For a company already crowned the world’s most valuable by market capitalisation, the rush of orders reinforces how central Nvidia has become to the AI story.
The chip maker plans to raise about $US25 billion, or roughly $35 billion, through the multi-part sale, according to people familiar with the deal. At its peak, the offering pulled in around $US85 billion of investor orders, far outstripping the supply on offer.
The debt is being marketed as high-grade, putting it in the same quality bracket as other blue-chip corporate issuers. Nvidia is using the transaction to lock in long-term funding at scale while investor enthusiasm for AI-related credit remains intense.
Other technology giants are moving in parallel, turning 2024 into a record year for AI-linked corporate borrowing. Alphabet and Amazon are already flooding bond markets with tens of billions of dollars in issuance, largely to finance data centres and other high-cost infrastructure.
These facilities are essential for training and running the large AI models that drive products across cloud, search and e-commerce. Nvidia sits at the hardware core of many of these projects, supplying the chips and systems that power the computational backbone.

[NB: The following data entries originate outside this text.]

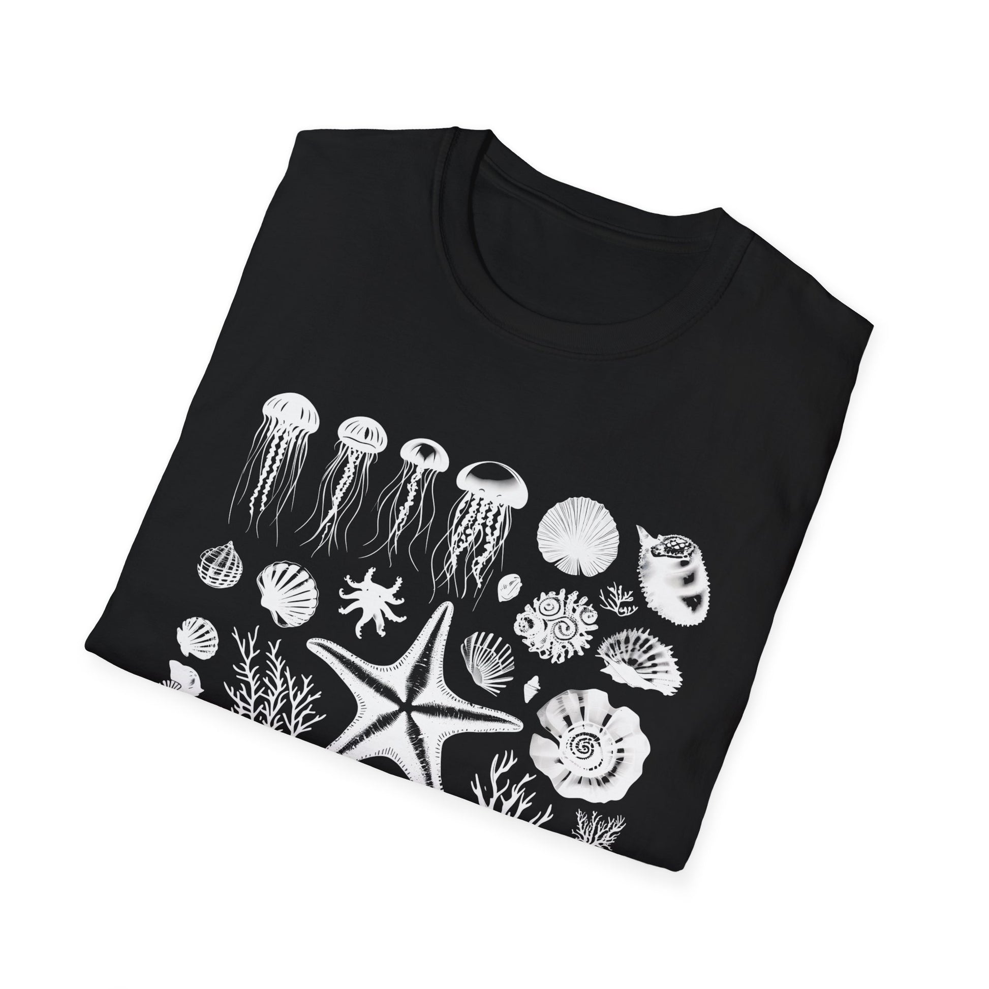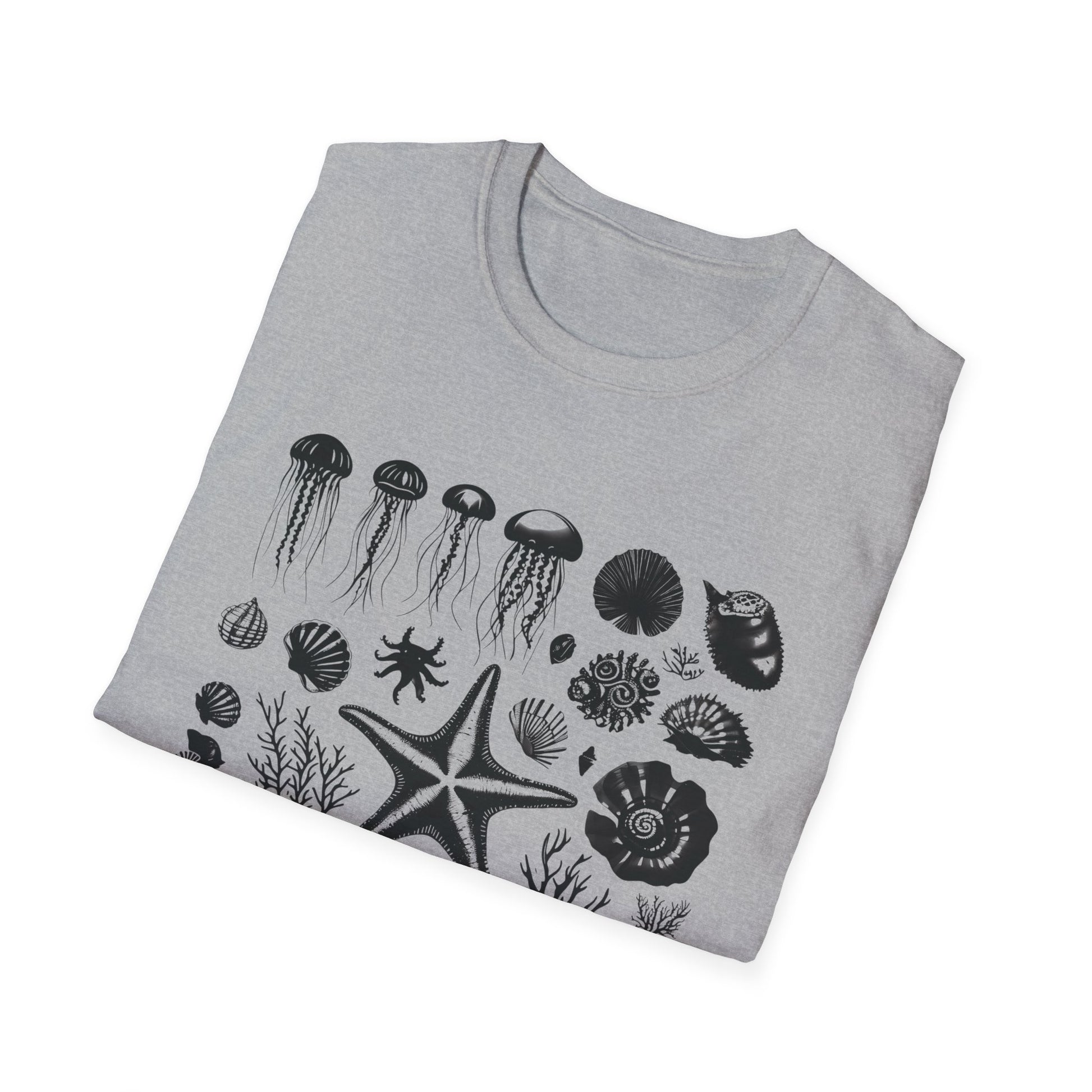 Monochrome Silhouette Grid Marine Creatures T-Shirt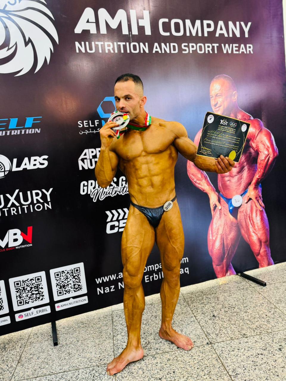 Goran Tariq is a brave and dedicated Peshmerga who, alongside his military duties, has built a strong passion for bodybuilding. Through relentless training and unwavering commitment, he achieved second place in Iraq’s national bodybuilding championship.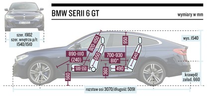 Te dane sa mocno niejasne. Po co mierzyc wysokosc od tylnych soedzen pionowo w gore a nie wzdloz siedzieska. Nie ma tez nic o miejscu z boku glowy od szyby. Kanapa w bmw z tylu 3cm wyzej od podlogi to i na nogi potrzeba potem miej miejsca. Tak czy siak wolalbym wsiasc do gt i ocenic choc juz sie zniechecilem tym mysleniem o bmw. Bmw 5/6 sa w pierwszej trojce najbardziej awaryjnych aut wg noergo raportu tuv i to na przestrzeni roznych lat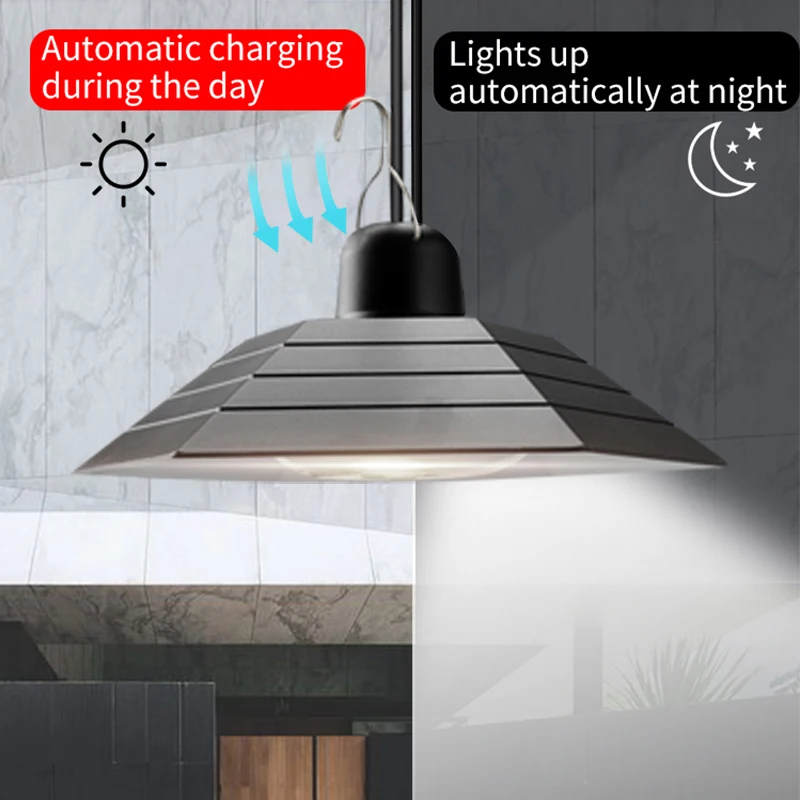 Солнечный светильник изготовлен из высококачественного АБС-пластика, с уникальным водонепроницаемым дизайном IP44, может выдерживать все виды плохой погоды, такие как дождь, снег, высокая температура, подходит для сада, двора, коридора, хранилище. Примечание: люстра работает только ночью. Если вы хотите работать в течение дня, накройте солнечные панели чем-то.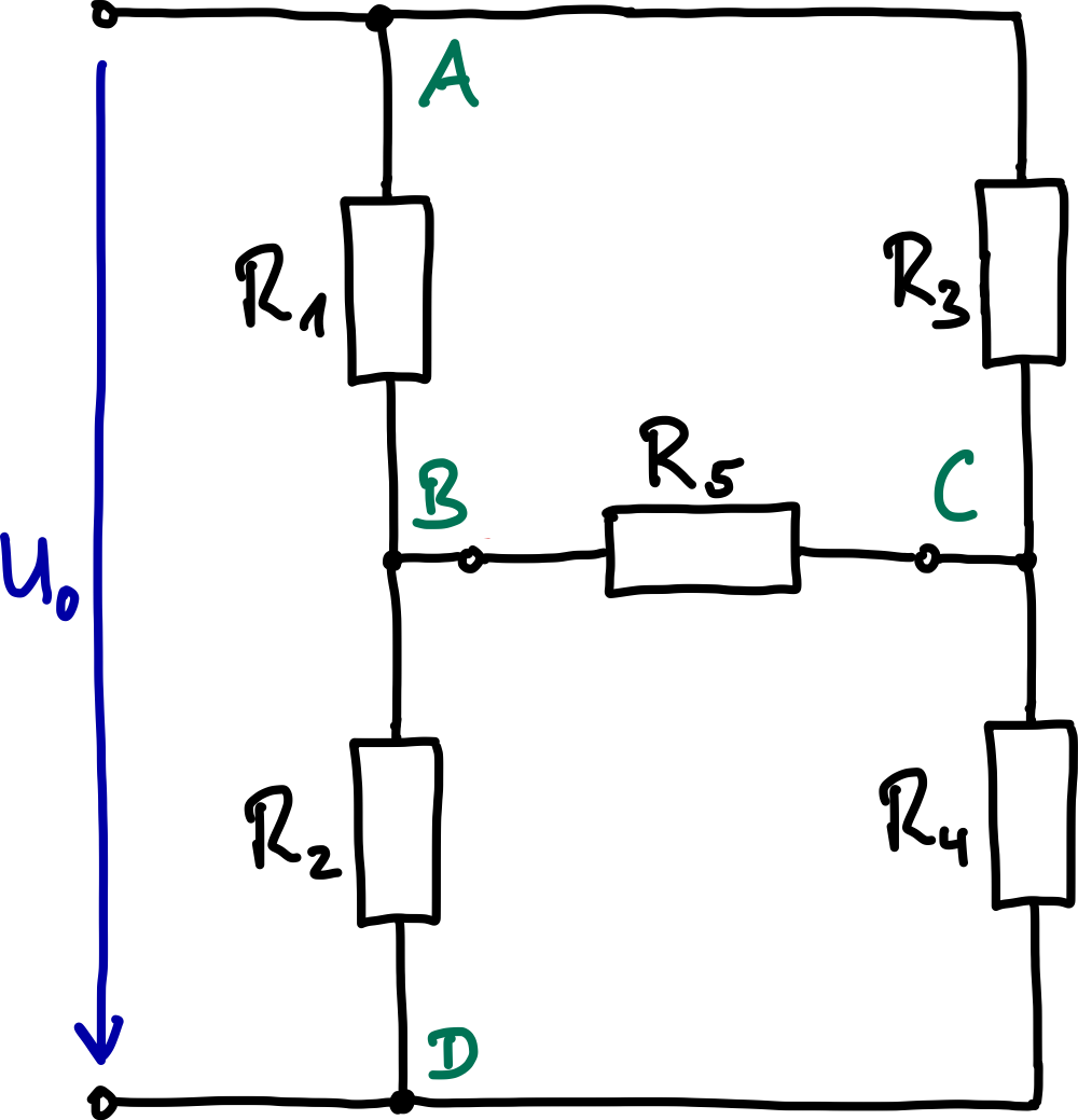 Ein Widerstandsnetzwerk hat die Form einer Brückenschaltung mit folgenden Widerständen: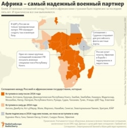 С 2014 года Кремль заключил соглашения о военном сотрудничестве более чем с 20 государствами континента. В большинстве случаев речь идет об обучении и подготовке местных военнослужащих (с 2014 года в России военные вузы окончили более 3,5 тысячи африканских офицеров), поставках вооружений, обслуживании уже имеющейся там боевой техники. Также в африканских странах время от времени открываются новые официальные представительства Минобороны России.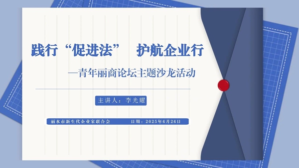 5月20日,《民营经济促进法》正式施行,标志着我国民营经济发展迈入法治化新阶段。为帮助会员企业把握政策机遇、提升合规经营能力,6月26日,丽水市新生代企业家联合会成功举办"践行促进法 护航企业行"——青年丽商论坛主题沙龙活动,吸引会员及会员企业代表60余人参加。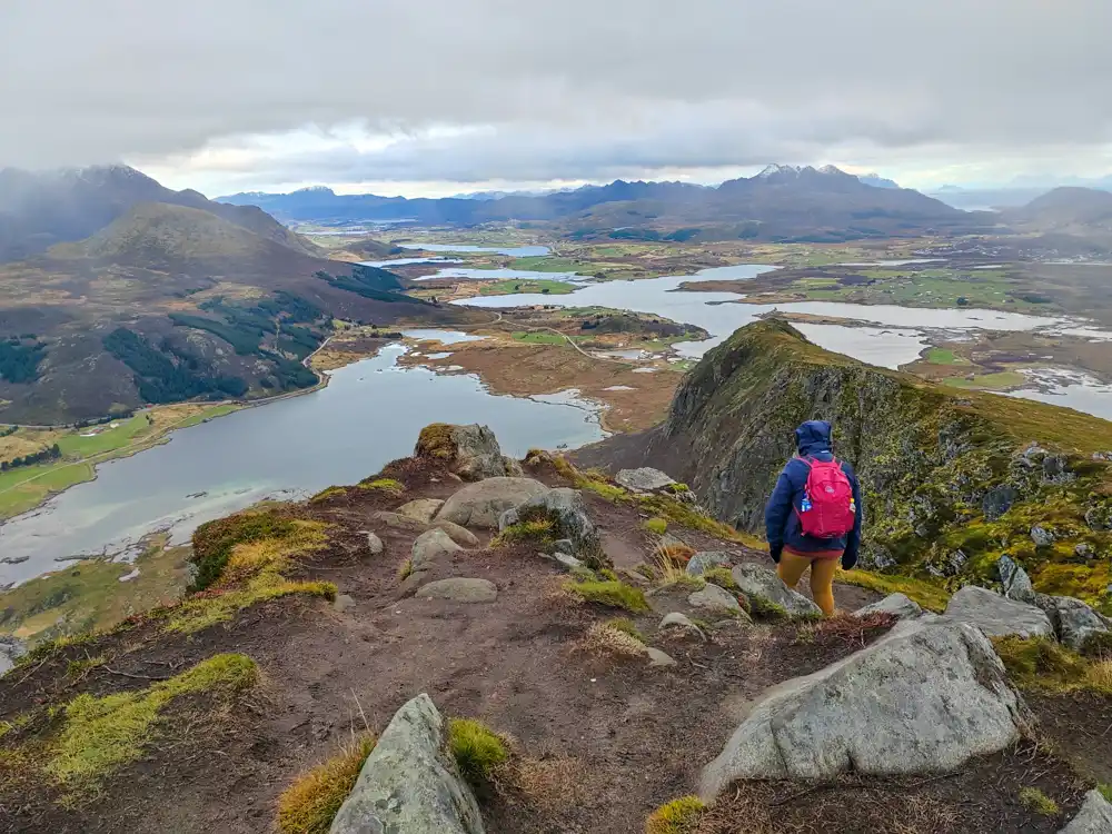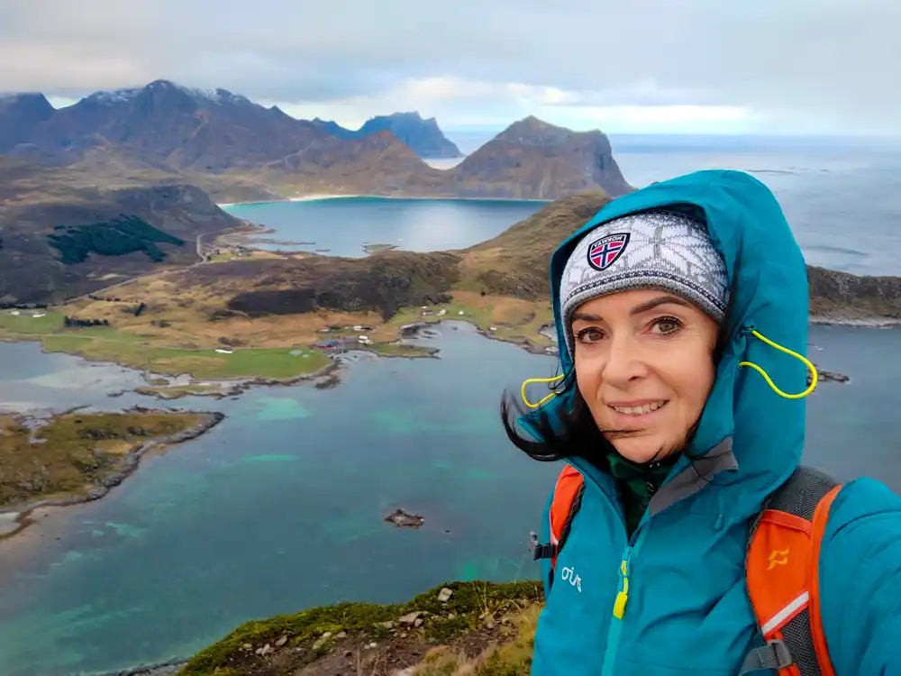 We knew we were in for a day to remember. Offersøykammen might be less famous than some other peaks, but every step was worth it. The trail led us over green meadows, rocky patches, and steep paths – each step a small reward. The higher we climbed, the more dramatic the scenery became: jagged peaks, winding fjords, and below us, the dazzling white Kvalvika Beach, as if plucked from a postcard.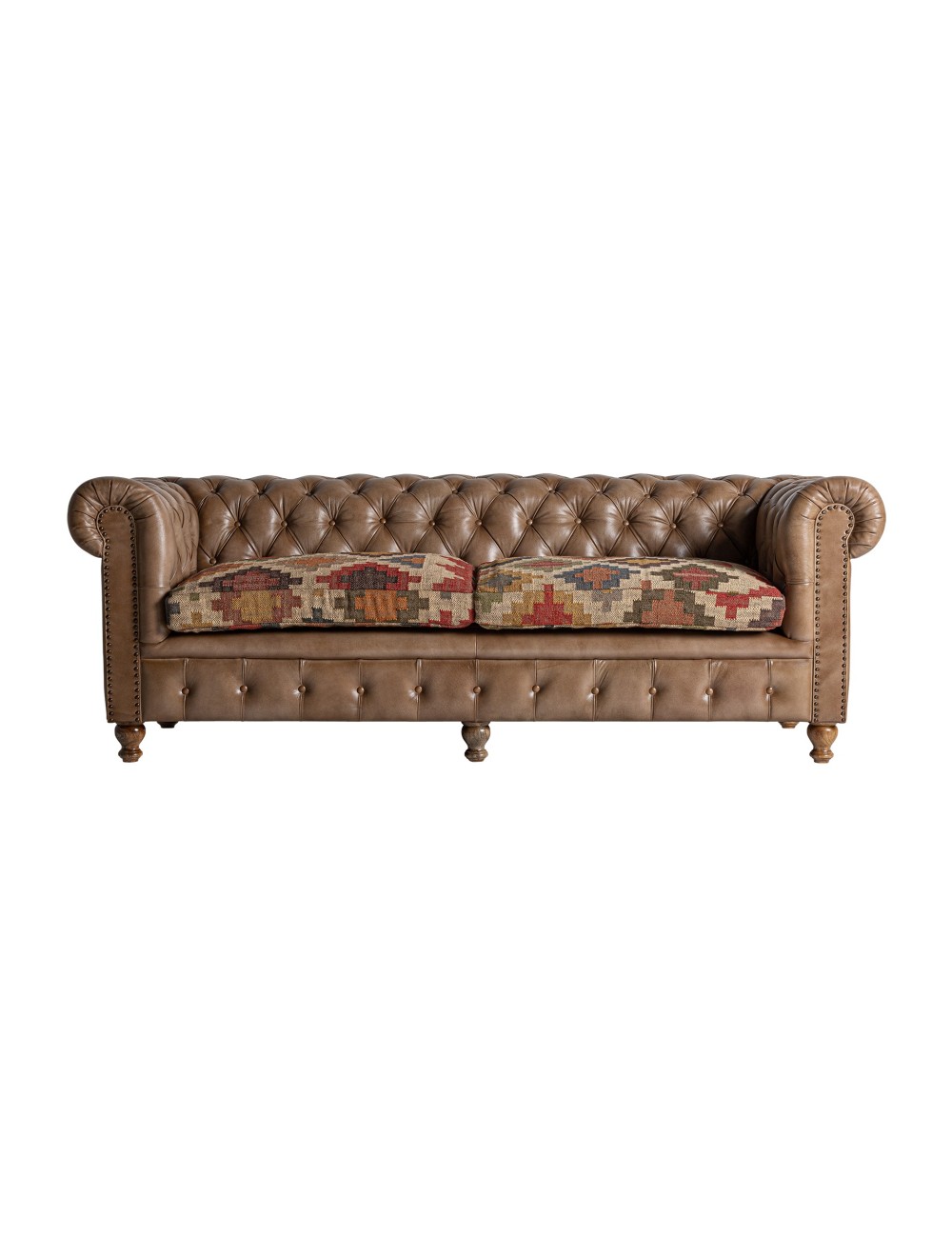 Sofá hebburn, en color camel, de estilo vintage. Fabricado en piel, combinado con madera de pino. Producto desmontable.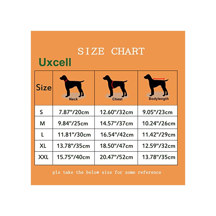 S:등의 길이:7.87인치/20cm,가슴둘레:12.60인치/32cm,넥:9.05인치/23cm

Behind the scenes, Nvidia is ploughing capital into partners and customers that can accelerate real-world AI adoption, from cloud operators to specialised software providers. That spending strategy is designed to both support near-term demand for its chips and deepen its role in the broader AI ecosystem.
With investors readily absorbing new issuance from multiple mega-cap tech firms, the bond market treats AI infrastructure as a long-duration growth theme rather than a passing fad. How long that confidence holds may hinge on whether these huge capital outlays translate into sustained revenue and profit growth across the sector.